The weights, biases, and activations of the convolution layers of the network
specified in the dlquantizer
object now use scaled 8-bit integer
data types.
This example shows how to quantize learnable parameters in the
convolution layers of a neural network, and explore the behavior of the quantized
network. In this example, you quantize the LogoNet
neural network.
Quantization helps reduce the memory requirement of a deep neural network by quantizing
weights, biases and activations of network layers to 8-bit scaled integer data types.
Use MATLAB® to retrieve the prediction results from the target device.
To run this example, you need the products listed under FPGA
in
Quantization Workflow Prerequisites.
For additional requirements, see Quantization Workflow Prerequisites.
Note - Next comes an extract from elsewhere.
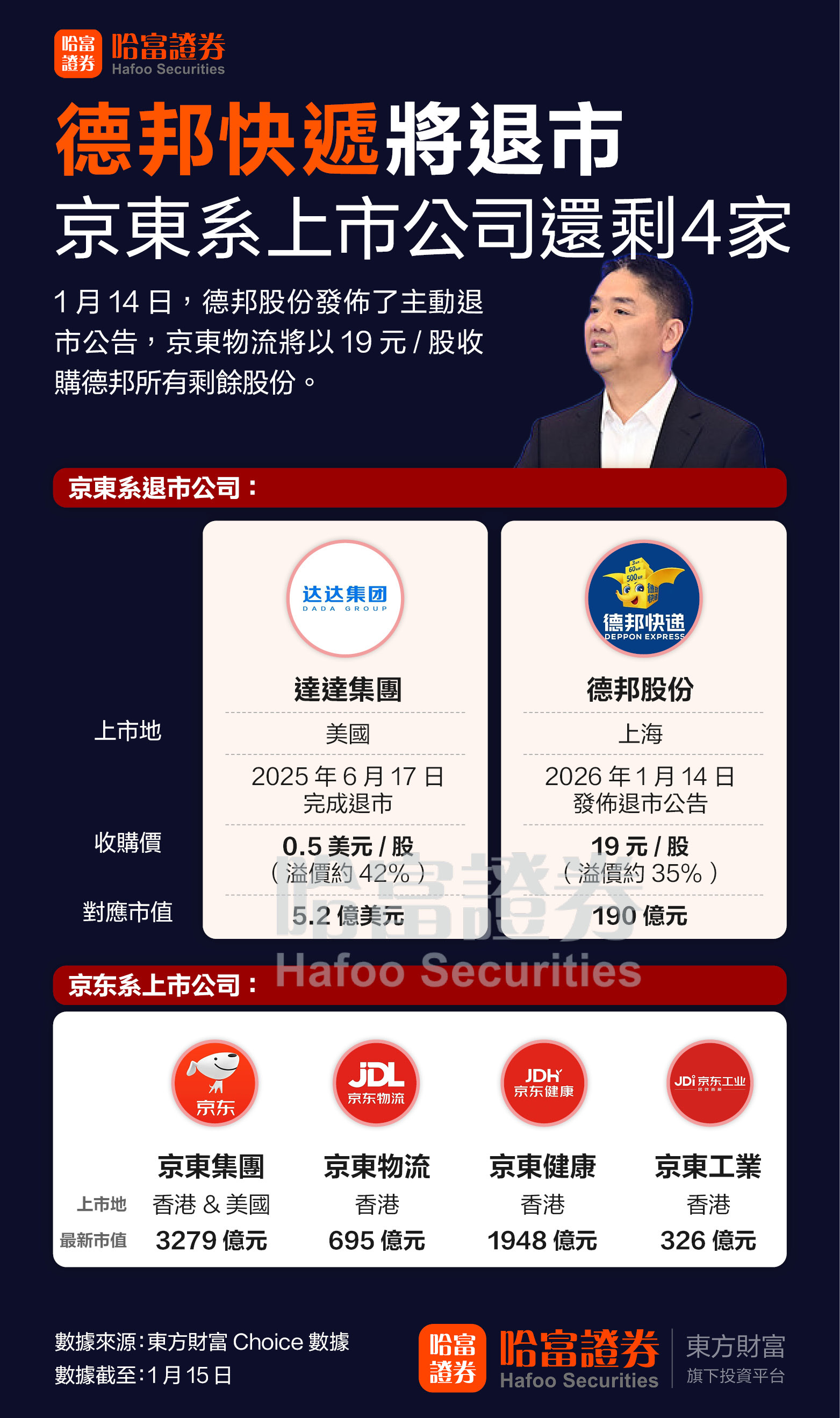 事实上,不只是德邦股份,从去年至今,京东的资本动作还涉及达达集团和京东工业。去年6月17日晚间,本地即时零售与配送平台达达集团宣布私有化交易完成。根据此前4月1日签署的协议,达达与JD Sunflower Merger Sub Limited合并,成为母公司JD Sunflower Investment Limited的全资子公司,母公司由京东集团全资持有。此外,去年12月11日,京东工业成功在港交所主板挂牌上市,成为京东旗下第六家上市公司。公开资料显示京东工业是京东集团旗下专注于工业供应链技术与服务业务的子集团,已成为中国领先的工业供应链技术与服务提供商。不过,如果德邦股份成功退市,京东旗下上市公司将只剩下四家,分别为京东集团、京东物流、京东健康和京东工业。

Create a file in your current working directory called
getLogoNetwork.m
. Enter these lines into the file:
function net = getLogoNetwork() data = getLogoData(); net = data.convnet; end function data = getLogoData() if ~isfile('LogoNet.mat') url = 'https://www.mathworks.com/supportfiles/gpucoder/cnn_models/logo_detection/LogoNet.mat'; websave('LogoNet.mat',url); end data = load('LogoNet.mat'); end
Load the pretrained network.
snet = getLogoNetwork();
snet = SeriesNetwork with properties: Layers: [22×1 nnet.cnn.layer.Layer] InputNames: {'imageinput'} OutputNames: {'classoutput'}
Define calibration and validation data to use for quantization.
The calibration data is used to collect the dynamic ranges of the weights and biases in the convolution and fully connected layers of the network and the dynamic ranges of the activations in all layers of the network. For the best quantization results, the calibration data must be representative of inputs to the network.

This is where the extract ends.